Tenho visto boas experiências da sala de aula invertida em universidades. É um caminho para renovar o ensino superior?
Aaron Sams: Acredito firmemente que a sala de aula invertida é uma maneira de inovar na educação superior. Salas invertidas são o primeiro passo que professores podem fazer para sair da frente da sala como um “entregador de informações” e adquirir um papel de facilitador do aprendizado. Esse passo pode redefinir o papel do professor como um especialista pedagógico, assim como um especialista no conteúdo.

Como educador que tem conversado com muitos professores ao redor do mundo, qual sua principal recomendação para os mestres brasileiros, que lidam com uma realidade desafiadora nas escolas e universidades?

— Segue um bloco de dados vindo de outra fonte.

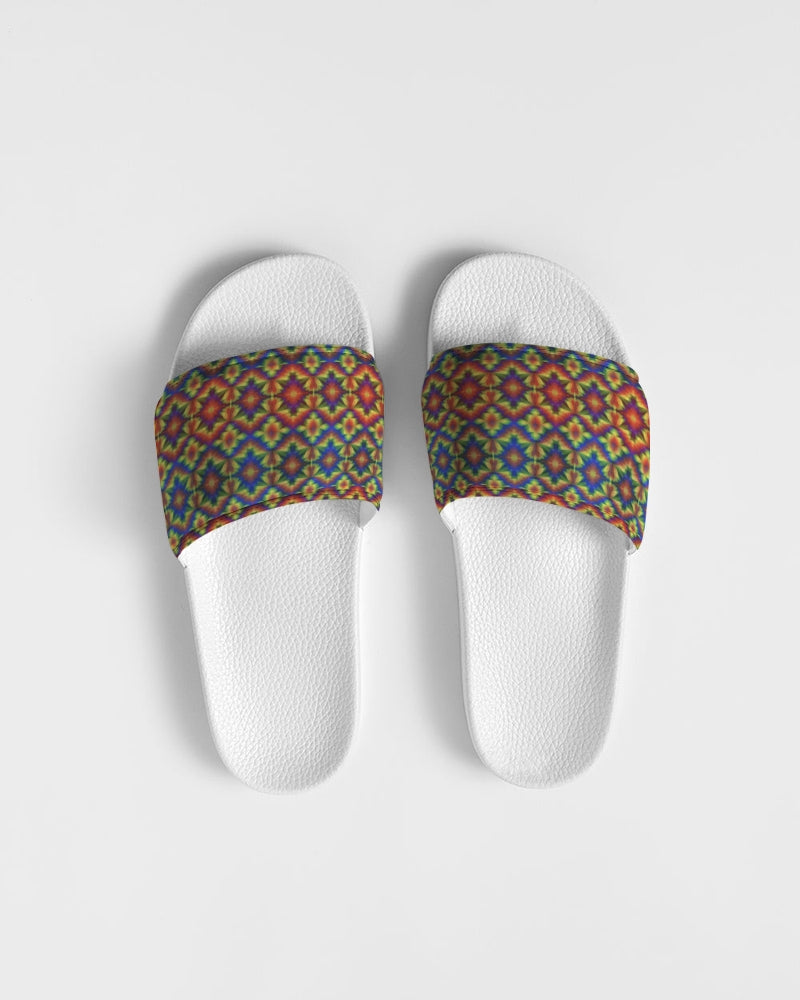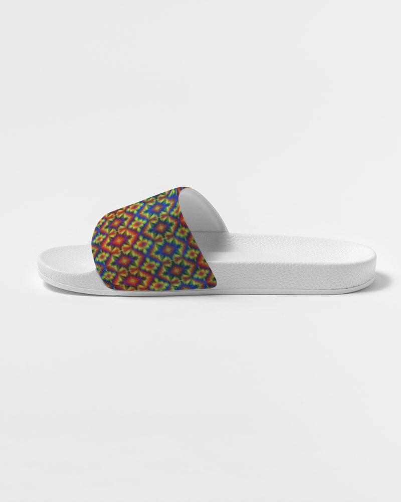About The ArtCarnival Kaleidoscope Rainbow diamond pattern in kaleidoscope. Product DetailsSlip on your Women's Slide Sandals for easy and comfortable style. Made with a soft upper strap that conforms to the natural movement of your foot and a conshioned footbed for all day wear.
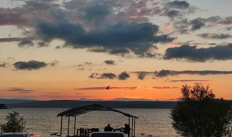 Dünyada gün batımının en güzel izlendiği yerlerden biri olan Çıldır Gölü’ndeki manzara görenleri hayran bırakıyor
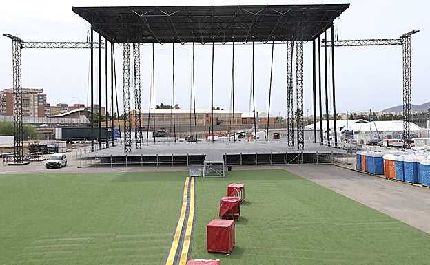 -Pues al 50%. Tenemos los escenarios 1 y 2, estamos con la instalación del césped, que en total serán unos 45.000 metros cuadrados en todo el recinto. El domingo -por hoy-, tras el rastro, comenzaremos con el escenario 3. El montaje va bien y la previsión climatológica es buena. Lo peor para la música es el viento, más que el agua, ya que es lo que te obliga a parar y eso parece que lo tenemos controlado.
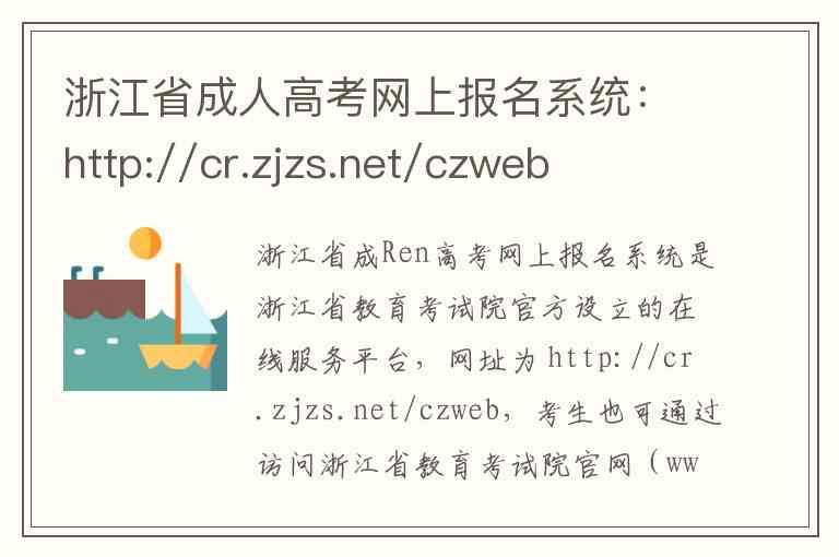 浙江省成Ren高考网上报名系统是浙江省教育考试院官方设立的在线服务平台,网址为 http://cr.zjzs.net/czweb,考生也可通过访问浙江省教育考试院官网(www.zjzs.net)进入该系统。该系统主要为参加浙江省成Ren高校招生考试的考生提供全流程的线上服务,涵盖网上报名、志愿填报、信息审核、网上缴费以及考后志愿确认等核心功能。

Aaron Sams: Professores e estudantes ao redor do mundo são surpreendentemente similares. Eles têm desafios e objetivos semelhantes. Apesar das diferenças culturais e dos desafios financeiros, todos estão empenhados em fazer da educação algo relevante e ativo, personalizado para os estudantes. Estou animado por viver num tempo em que tecnologias são desenvolvidas para ajudar nesses objetivos.